Dataset entries
-- -- --

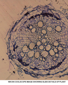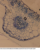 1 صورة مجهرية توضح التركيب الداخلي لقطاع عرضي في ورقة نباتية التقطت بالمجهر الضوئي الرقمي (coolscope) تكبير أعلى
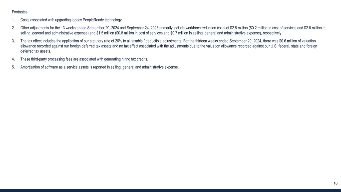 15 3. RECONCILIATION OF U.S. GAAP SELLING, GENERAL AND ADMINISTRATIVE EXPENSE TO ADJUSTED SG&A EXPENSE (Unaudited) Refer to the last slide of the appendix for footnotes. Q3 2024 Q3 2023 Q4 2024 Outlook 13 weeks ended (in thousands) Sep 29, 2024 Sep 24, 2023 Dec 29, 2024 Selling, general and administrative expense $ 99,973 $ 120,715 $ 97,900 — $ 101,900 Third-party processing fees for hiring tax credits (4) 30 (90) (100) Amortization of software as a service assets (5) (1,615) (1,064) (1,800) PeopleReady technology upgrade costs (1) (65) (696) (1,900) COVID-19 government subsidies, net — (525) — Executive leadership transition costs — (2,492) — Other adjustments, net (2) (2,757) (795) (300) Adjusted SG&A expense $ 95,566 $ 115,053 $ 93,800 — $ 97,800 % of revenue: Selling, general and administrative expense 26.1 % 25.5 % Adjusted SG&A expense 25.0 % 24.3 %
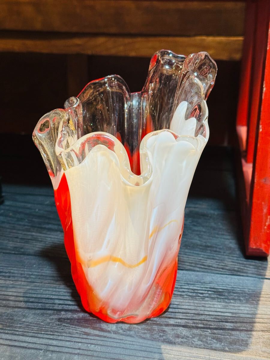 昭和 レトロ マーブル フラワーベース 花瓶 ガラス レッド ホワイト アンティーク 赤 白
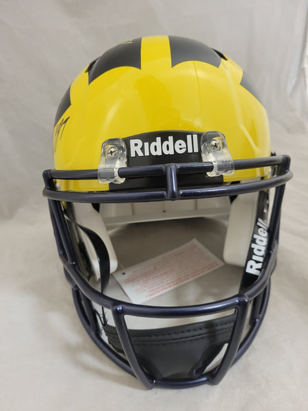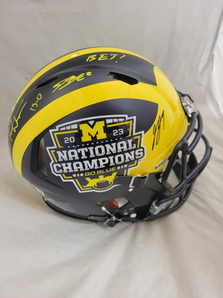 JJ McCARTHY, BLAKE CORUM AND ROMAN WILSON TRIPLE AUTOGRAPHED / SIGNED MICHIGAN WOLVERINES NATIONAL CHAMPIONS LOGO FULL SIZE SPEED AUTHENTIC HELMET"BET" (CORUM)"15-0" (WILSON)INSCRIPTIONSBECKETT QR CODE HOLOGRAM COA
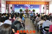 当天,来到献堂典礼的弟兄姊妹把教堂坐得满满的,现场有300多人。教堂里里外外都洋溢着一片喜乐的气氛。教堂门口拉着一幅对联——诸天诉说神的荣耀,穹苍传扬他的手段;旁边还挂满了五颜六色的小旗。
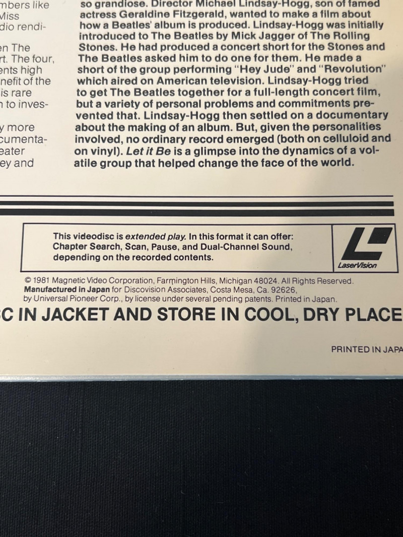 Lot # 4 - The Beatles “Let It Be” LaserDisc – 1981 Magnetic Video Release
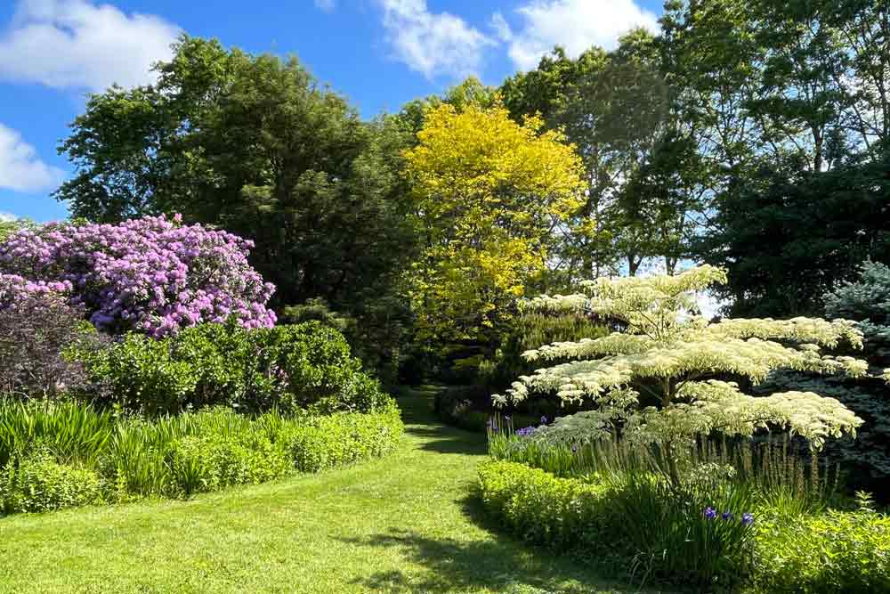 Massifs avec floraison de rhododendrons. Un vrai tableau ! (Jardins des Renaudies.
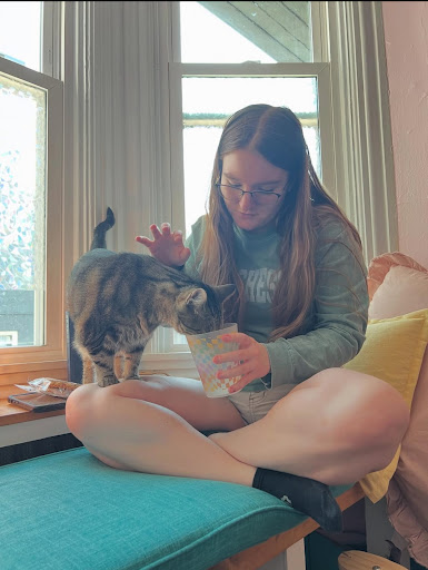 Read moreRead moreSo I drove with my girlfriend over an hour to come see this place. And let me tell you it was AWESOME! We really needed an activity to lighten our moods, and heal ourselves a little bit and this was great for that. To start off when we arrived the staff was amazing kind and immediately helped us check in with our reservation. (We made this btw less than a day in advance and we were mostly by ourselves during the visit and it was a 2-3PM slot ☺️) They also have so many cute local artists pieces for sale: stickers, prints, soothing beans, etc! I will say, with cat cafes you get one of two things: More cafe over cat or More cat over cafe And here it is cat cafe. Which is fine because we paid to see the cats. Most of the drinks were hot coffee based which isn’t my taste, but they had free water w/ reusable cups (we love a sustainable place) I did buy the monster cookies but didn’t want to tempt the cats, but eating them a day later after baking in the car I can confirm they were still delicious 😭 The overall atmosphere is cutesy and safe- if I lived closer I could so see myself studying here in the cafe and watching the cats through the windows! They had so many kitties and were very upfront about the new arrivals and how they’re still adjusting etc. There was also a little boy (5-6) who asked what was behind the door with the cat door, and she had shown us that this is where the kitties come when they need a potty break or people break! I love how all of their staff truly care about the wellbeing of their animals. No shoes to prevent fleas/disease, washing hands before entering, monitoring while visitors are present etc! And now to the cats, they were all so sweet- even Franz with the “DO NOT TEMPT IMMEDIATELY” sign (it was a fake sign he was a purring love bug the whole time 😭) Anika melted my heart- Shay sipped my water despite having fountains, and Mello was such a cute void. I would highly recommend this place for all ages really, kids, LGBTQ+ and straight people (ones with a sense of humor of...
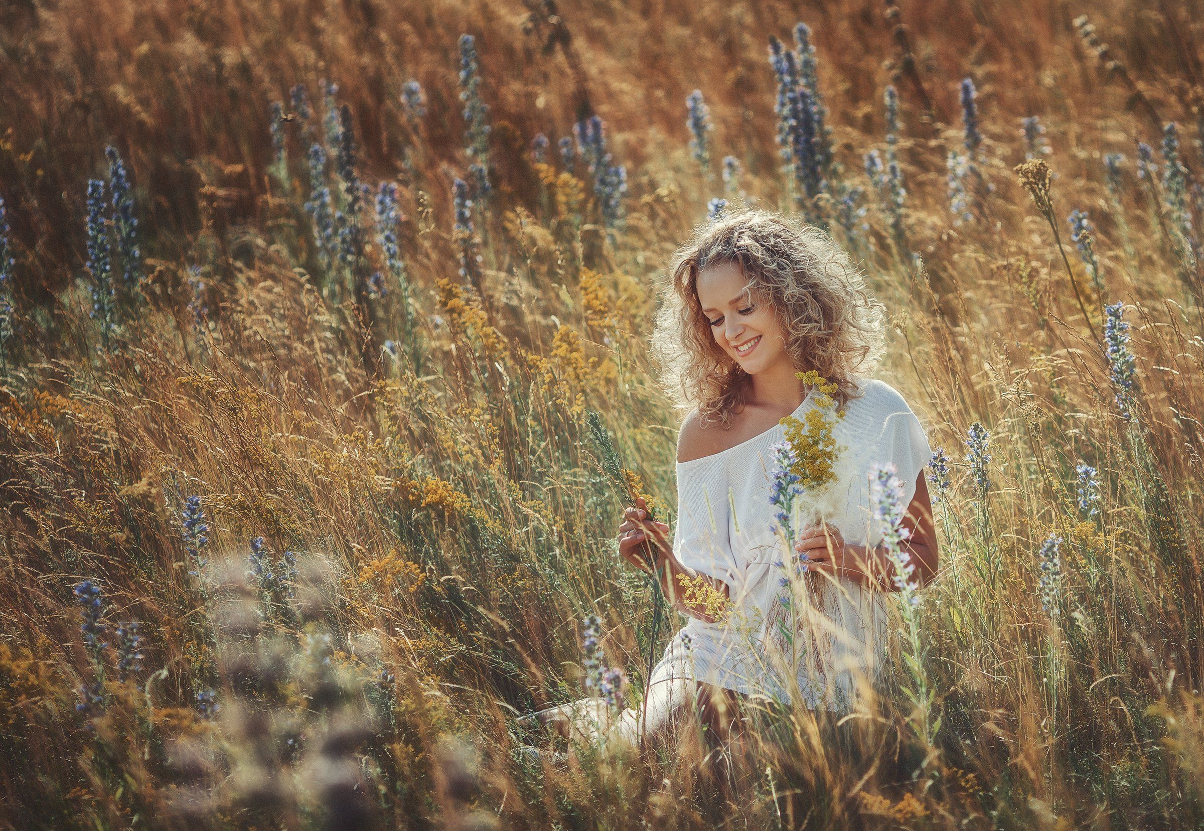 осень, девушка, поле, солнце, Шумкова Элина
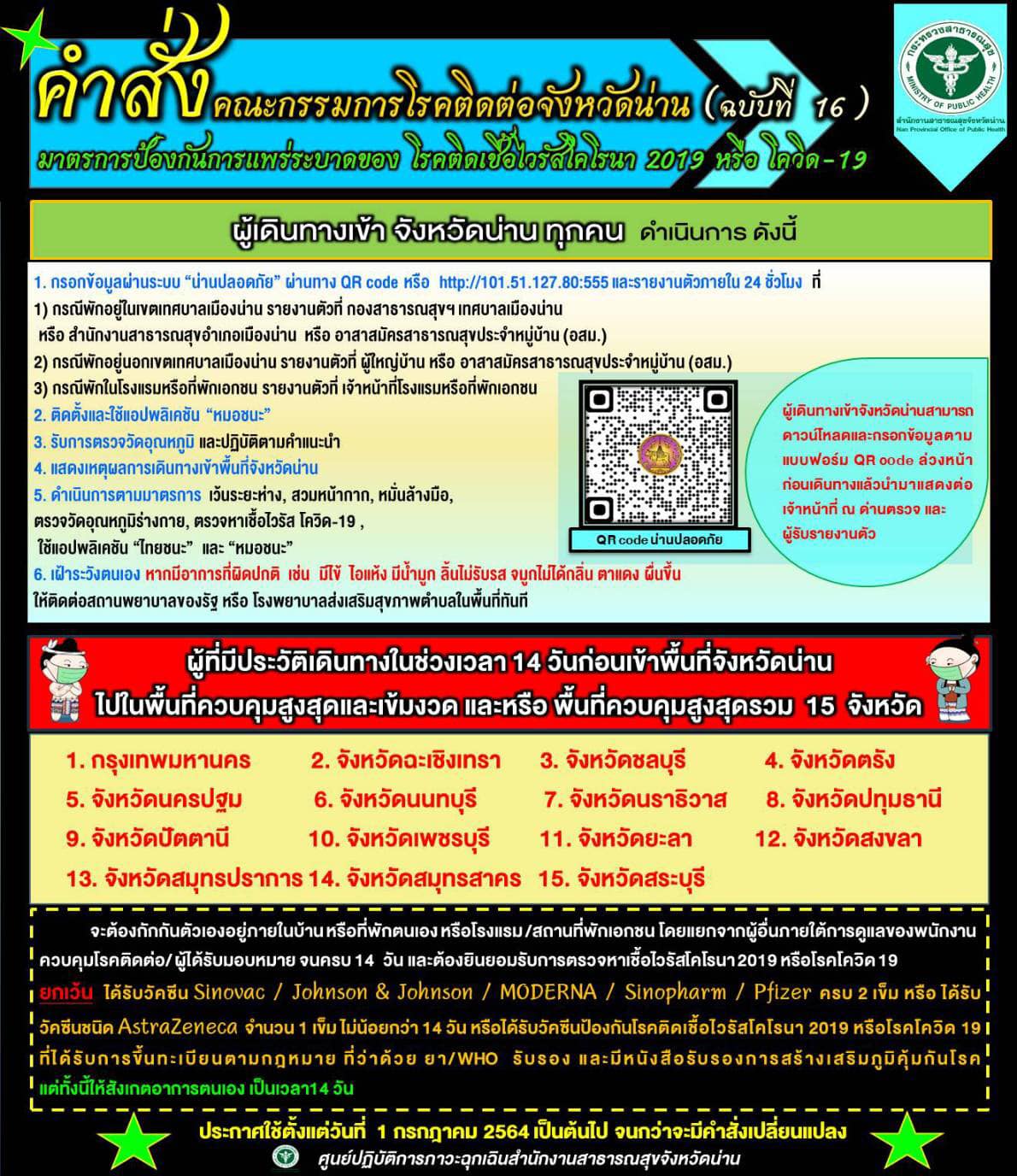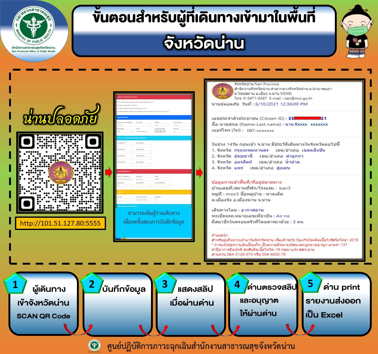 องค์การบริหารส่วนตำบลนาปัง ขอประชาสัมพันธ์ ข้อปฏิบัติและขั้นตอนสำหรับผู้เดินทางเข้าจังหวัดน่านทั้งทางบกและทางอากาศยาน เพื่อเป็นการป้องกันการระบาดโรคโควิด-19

-- -- --

What the task asks => Give the lines of the entries above exactly as they appear, leaving out each picture.

Answer area =>
 1 صورة مجهرية توضح التركيب الداخلي لقطاع عرضي في ورقة نباتية التقطت بالمجهر الضوئي الرقمي (coolscope) تكبير أعلى
 15 3. RECONCILIATION OF U.S. GAAP SELLING, GENERAL AND ADMINISTRATIVE EXPENSE TO ADJUSTED SG&A EXPENSE (Unaudited) Refer to the last slide of the appendix for footnotes. Q3 2024 Q3 2023 Q4 2024 Outlook 13 weeks ended (in thousands) Sep 29, 2024 Sep 24, 2023 Dec 29, 2024 Selling, general and administrative expense $ 99,973 $ 120,715 $ 97,900 — $ 101,900 Third-party processing fees for hiring tax credits (4) 30 (90) (100) Amortization of software as a service assets (5) (1,615) (1,064) (1,800) PeopleReady technology upgrade costs (1) (65) (696) (1,900) COVID-19 government subsidies, net — (525) — Executive leadership transition costs — (2,492) — Other adjustments, net (2) (2,757) (795) (300) Adjusted SG&A expense $ 95,566 $ 115,053 $ 93,800 — $ 97,800 % of revenue: Selling, general and administrative expense 26.1 % 25.5 % Adjusted SG&A expense 25.0 % 24.3 %
 昭和 レトロ マーブル フラワーベース 花瓶 ガラス レッド ホワイト アンティーク 赤 白
 JJ McCARTHY, BLAKE CORUM AND ROMAN WILSON TRIPLE AUTOGRAPHED / SIGNED MICHIGAN WOLVERINES NATIONAL CHAMPIONS LOGO FULL SIZE SPEED AUTHENTIC HELMET"BET" (CORUM)"15-0" (WILSON)INSCRIPTIONSBECKETT QR CODE HOLOGRAM COA
 当天,来到献堂典礼的弟兄姊妹把教堂坐得满满的,现场有300多人。教堂里里外外都洋溢着一片喜乐的气氛。教堂门口拉着一幅对联——诸天诉说神的荣耀,穹苍传扬他的手段;旁边还挂满了五颜六色的小旗。
 Lot # 4 - The Beatles “Let It Be” LaserDisc – 1981 Magnetic Video Release
 Massifs avec floraison de rhododendrons. Un vrai tableau ! (Jardins des Renaudies.
 Read moreRead moreSo I drove with my girlfriend over an hour to come see this place. And let me tell you it was AWESOME! We really needed an activity to lighten our moods, and heal ourselves a little bit and this was great for that. To start off when we arrived the staff was amazing kind and immediately helped us check in with our reservation. (We made this btw less than a day in advance and we were mostly by ourselves during the visit and it was a 2-3PM slot ☺️) They also have so many cute local artists pieces for sale: stickers, prints, soothing beans, etc! I will say, with cat cafes you get one of two things: More cafe over cat or More cat over cafe And here it is cat cafe. Which is fine because we paid to see the cats. Most of the drinks were hot coffee based which isn’t my taste, but they had free water w/ reusable cups (we love a sustainable place) I did buy the monster cookies but didn’t want to tempt the cats, but eating them a day later after baking in the car I can confirm they were still delicious 😭 The overall atmosphere is cutesy and safe- if I lived closer I could so see myself studying here in the cafe and watching the cats through the windows! They had so many kitties and were very upfront about the new arrivals and how they’re still adjusting etc. There was also a little boy (5-6) who asked what was behind the door with the cat door, and she had shown us that this is where the kitties come when they need a potty break or people break! I love how all of their staff truly care about the wellbeing of their animals. No shoes to prevent fleas/disease, washing hands before entering, monitoring while visitors are present etc! And now to the cats, they were all so sweet- even Franz with the “DO NOT TEMPT IMMEDIATELY” sign (it was a fake sign he was a purring love bug the whole time 😭) Anika melted my heart- Shay sipped my water despite having fountains, and Mello was such a cute void. I would highly recommend this place for all ages really, kids, LGBTQ+ and straight people (ones with a sense of humor of...
 осень, девушка, поле, солнце, Шумкова Элина
 องค์การบริหารส่วนตำบลนาปัง ขอประชาสัมพันธ์ ข้อปฏิบัติและขั้นตอนสำหรับผู้เดินทางเข้าจังหวัดน่านทั้งทางบกและทางอากาศยาน เพื่อเป็นการป้องกันการระบาดโรคโควิด-19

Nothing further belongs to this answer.